■ **Material provided**
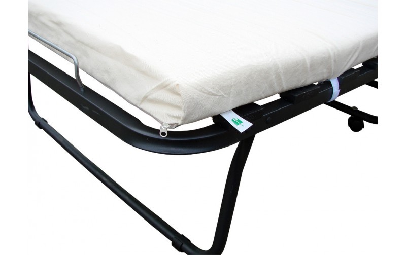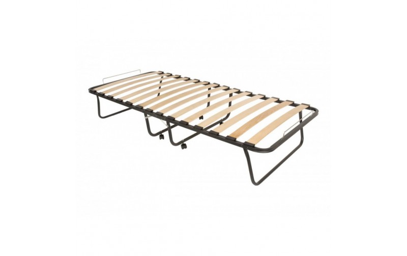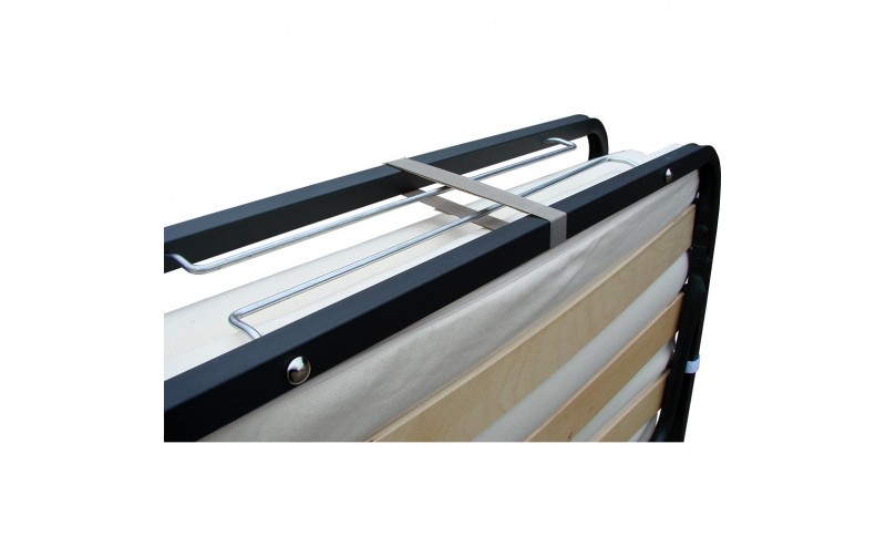 Односпальная раскладная кровать с деревянными ламелями Хельга М - с размером спального места 200х90 - вариант раскладушки на деревянных ламелях с матрасом 6 см. Матрас на специальных липучках, которые надежно фиксируют его у основания, не давая сползать во время сна. Стоимость такой раскладушки значительно меньше, чем у ортопедического основания на таких же деревянных ламелях, а возможность складывать Хельга М делает ее намного удобнее, не уступая в качестве сна. Ламели произведены из березового массива, спать на такой раскладушке гораздо удобнее, чем с сеткой. Раскладушка Хельга М изготовлена из стальной трубы диаметром 25 мм и березовых ламелей, максимальная допустимая нагрузка на кровать 120 кг. Чехол матраса - поликотон высокого качества. Вес раскладушки Хельга М всего 16 кг, высота в разобранном виде 34 см. Такая раскладная кровать идеально подойдет для рослых людей, это единственная модель с размером спального места 200х90.
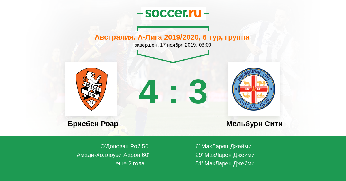 Протокол матча Брисбен Роар против Мельбурн Сити
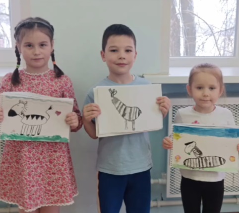 После обсуждения мы приступили к творческому процессу: каждый ребёнок смог создать свою собственную зебру. В конце занятия устроили выставку работ, где каждый мог представить своё творение. (Смотреть видео!)
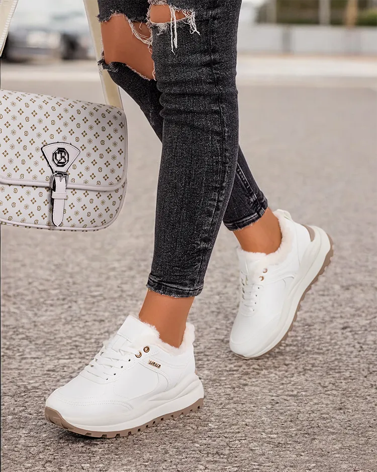 • Dámske zateplené športové tenisky na hrubšej podrážke. Šnurovací zvršok z eko nubuku v kombinácii s eko kožou. Mäkká kožušina vo vnútri. Super doplnok k vašim zimným ležérnym outfitom!
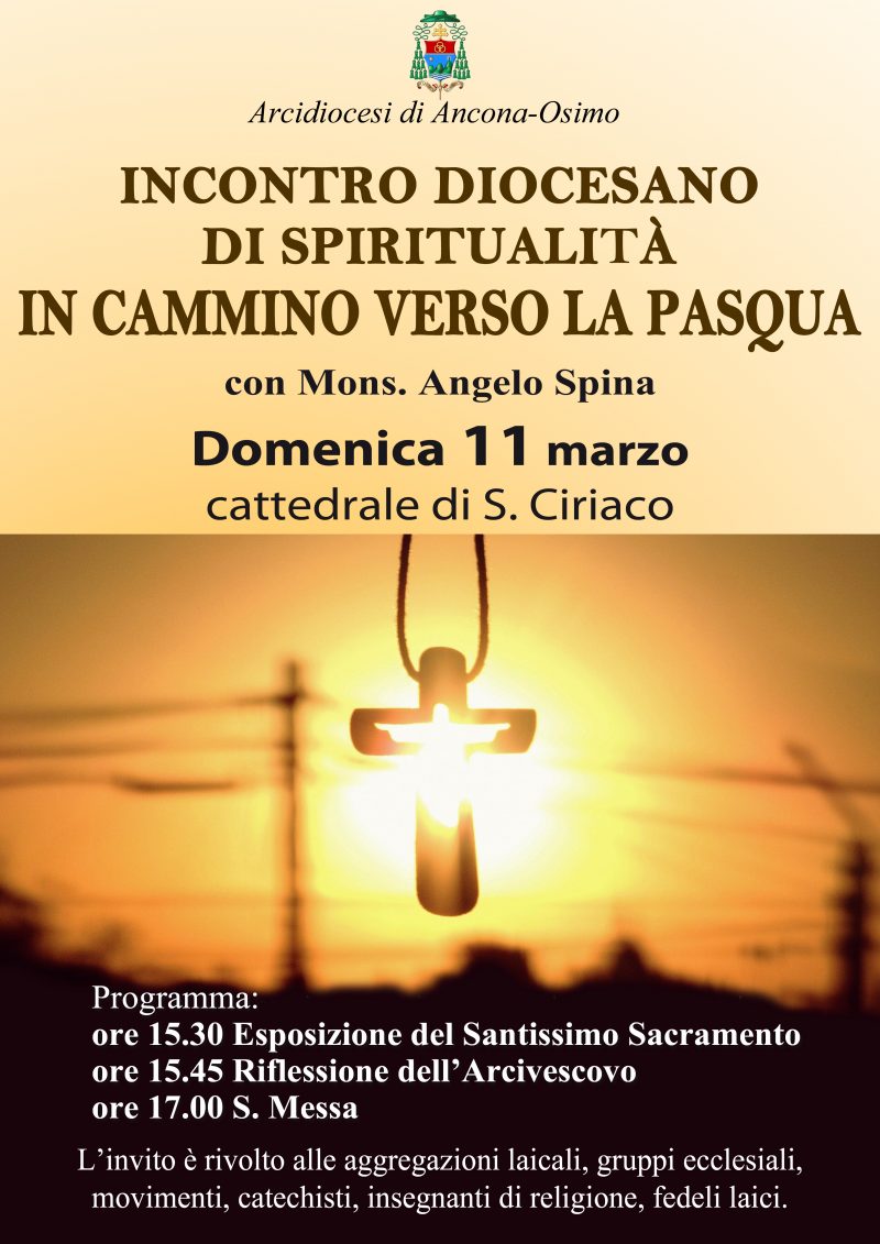 Domenica 11 marzo dalle ore 15.30 si terrà l’incontro diocesano di spiritualità “IN CAMMINO VERSO LA PASQUA”, guidato dal nostro Arcivescovo Mons. Angelo Spina. Sono invitati a partecipare le aggregazioni laicali, i gruppi ecclesiali, i movimenti, i catechisti, gli insegnanti di religione e i fedeli laici
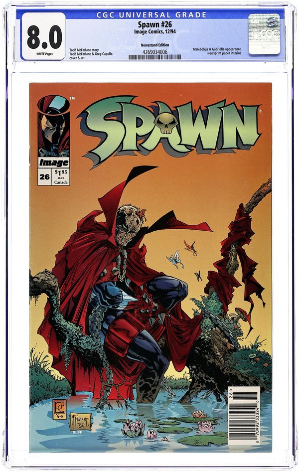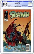 Newsstand Edition. "The Dark!" Story by Todd McFarlane. Art by Todd McFarlane and Greg Capullo. The mysterious Cagliostro is back to tutor Spawn in the rules of the game. Plus, Spawn is recruited by the forces of Heaven. The question is...will he accept their offer? Includes a 2-page pin-up of Spawn by Tim Townsend. Cover price $1.95. Grade: CGC 8.0 explanation of grade Condition: Used (collectible)
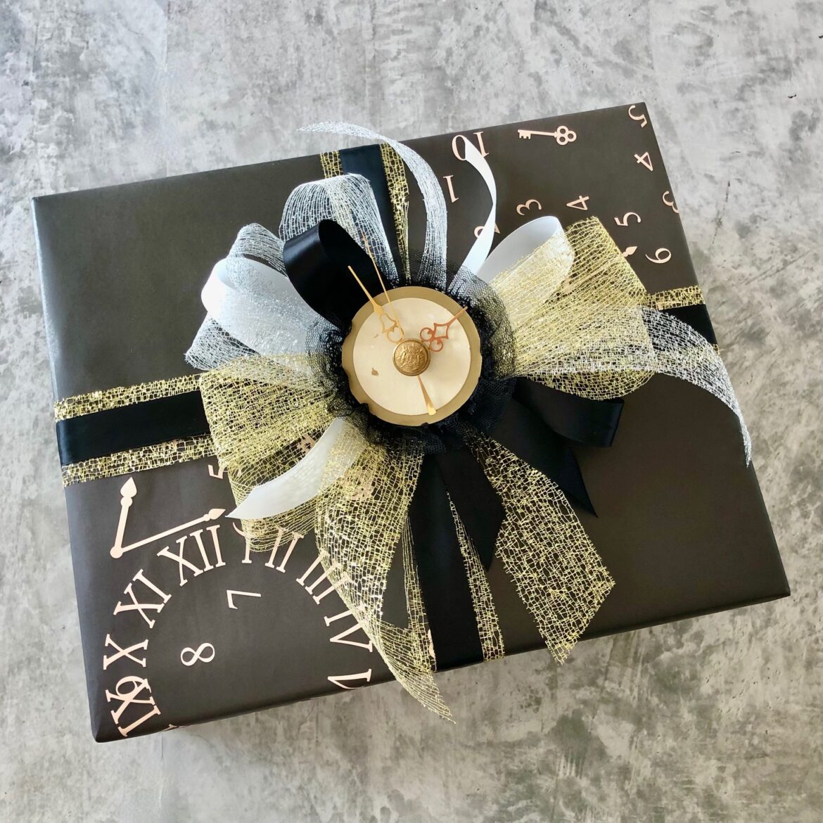 長きにわたりお勤めされたことを考え、「時を刻む」イメージで時計をモチーフにしたラッピングにしてみました。
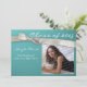 Graduation photo invitation or announcement in light teal with a pretty white bow. Customise with a favourite photo and add text as needed. All parts of this invitation are printed there is no actual bow attached.
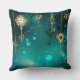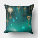 Antique Skeleton Keys on Green Background Throw Pillow
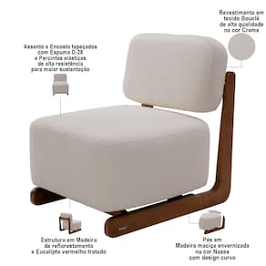 Características: Estrutura em madeira de reflorestamento de eucalipto vermelho tratado. Revestimento em tecido Bouclê de alta qualidade na cor Creme. Assento e encosto fixos tapeçados com espuma D-28 e percintas elásticas de alta resistência para maior sustentação. Pés em madeira maciça envernizada na cor Nozes, com design curvo. Peso suportado: Até 120 kg.
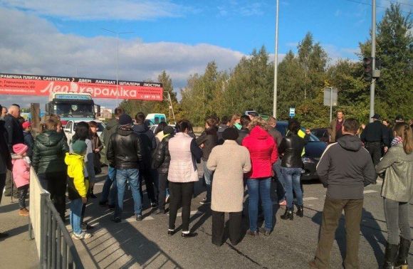 Неподалік Львова протестували проти перенесення кінцевої зупинки приміських автобусів на АС-3 на вулиці Петлюри.

■ **Work instruction**
Using the data above, retype exactly and only the lines from the one containing "После обсуждения мы" up to and including the one containing "zimným ležérnym outfitom!", with no pictures carried over.

■ **Output for this task**
 После обсуждения мы приступили к творческому процессу: каждый ребёнок смог создать свою собственную зебру. В конце занятия устроили выставку работ, где каждый мог представить своё творение. (Смотреть видео!)
 • Dámske zateplené športové tenisky na hrubšej podrážke. Šnurovací zvršok z eko nubuku v kombinácii s eko kožou. Mäkká kožušina vo vnútri. Super doplnok k vašim zimným ležérnym outfitom!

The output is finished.